**What needs to be done**
Write out an exact copy of the line containing "1989January 45,000 yen, 2DK, Second" and all lines that follow it in the data below, leaving out pictures.

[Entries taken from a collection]
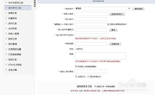 进入汇款界面,你可以根据自己的情况选择多种汇款方式,如中行内转账,跨行转账等等,操作基本类似。
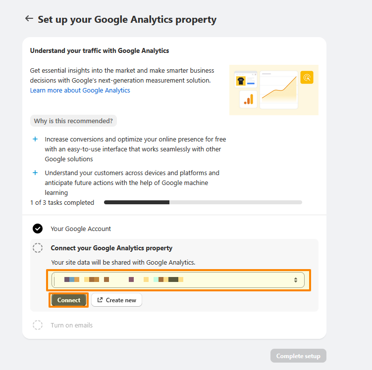 This is a breath of fresh air if you are coming from the Merchant Center setup, there’s very little to do here. Select the correct GA4 property from the dropdown and click connect:
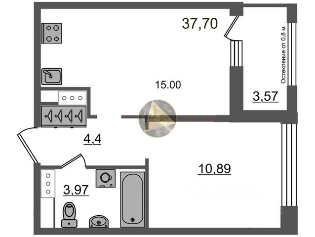 Общая 31,8 м кв + з/лоджия 3,6, комната 13,8, кухня 10,6, совм.санузел 3,4 (с ванной), прихожая 4,0. Высота потолков 2,75.
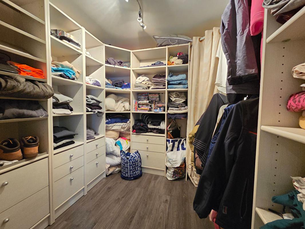 Au rez-de-chaussée vous trouverez une belle pièce de vie lumineuse avec cheminée insert et accès au jardin, une cuisine dinatoire indépendante, un dégagement avec nombreux placards de rangement qui dessert d'une part la salle de bains avec toilettes et d'autre part la chambre avec grand dressing aménagé.
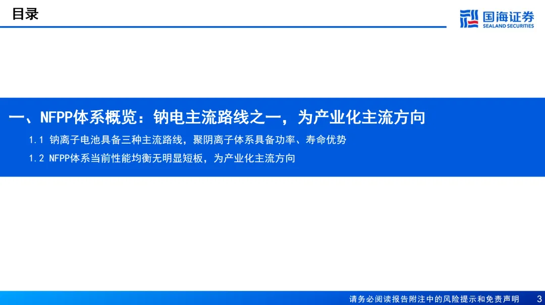 NFPP体系概览:钠电主流路线之一,为产业化主流方向。钠离子电池具备三种主流路线,聚阴离子体系具备功率、寿命优势。当前钠离子电池具备三种主流技术路线,包括聚阴离子/层状氧化物/普鲁士蓝体系。NFPP体系具备功率、寿命等方面优势,在动力市场、电网侧、电动工具&数据中心备电等场景具备差异化使用市场前景。
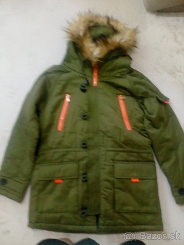 Predám novú detskú zimnú bundu, tmavozelenej farby, kapucňa na zips, zapínanie na zips a gombíky, v páse možnosť stiahnutia šnúrkou, kapsy na zips a cvoky, podsivka, veľkosť M, dĺžka 73 cm, šírka 50 cm, rukáv 65 cm. Cena 30,-€ + poštovné. Možná dohoda.
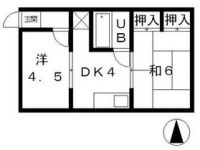 1989January 45,000 yen, 2DK, Second floor / 2-story, 47.24 sq m | ||
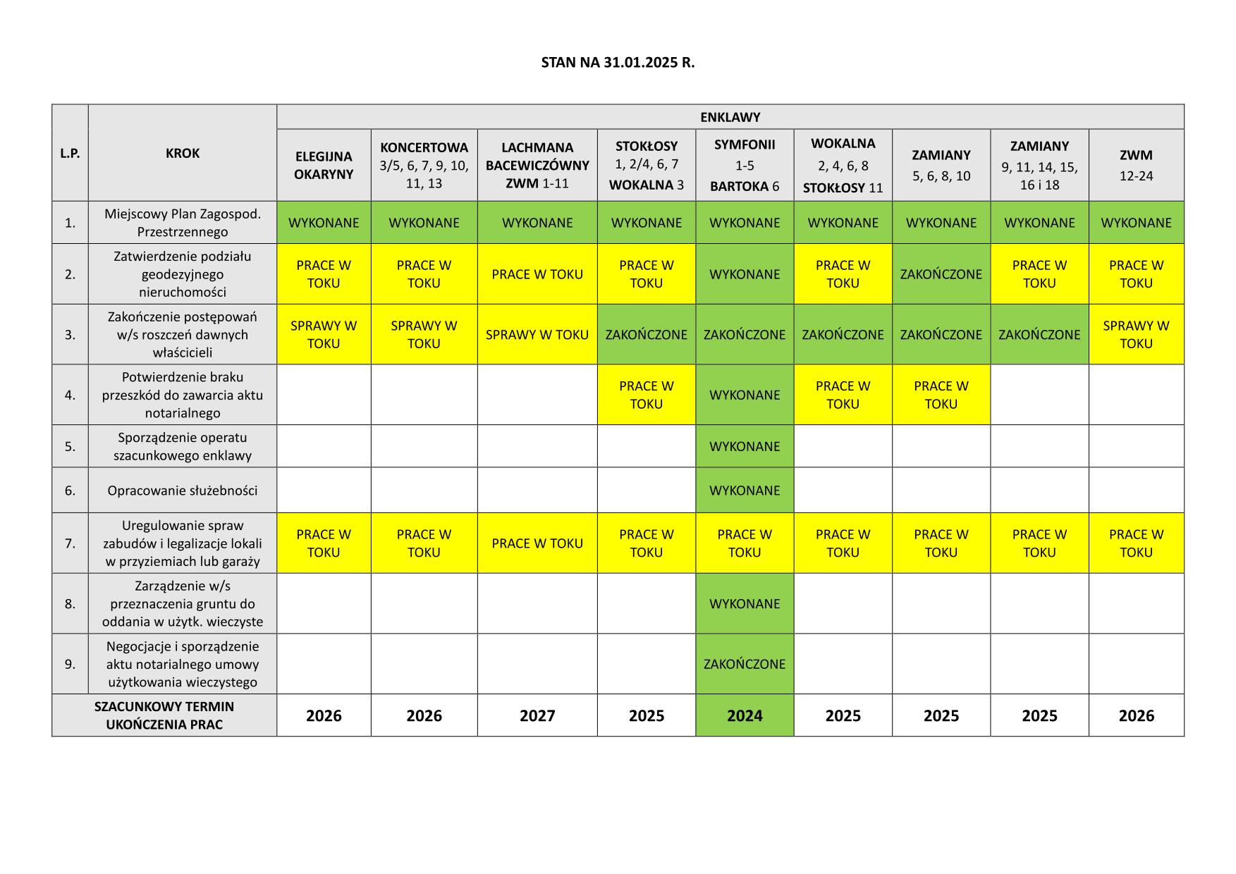 Informacja o regulacji gruntów w enklawach, stan na 31.01.2025r.

**Your solution**
 1989January 45,000 yen, 2DK, Second floor / 2-story, 47.24 sq m | ||
 Informacja o regulacji gruntów w enklawach, stan na 31.01.2025r.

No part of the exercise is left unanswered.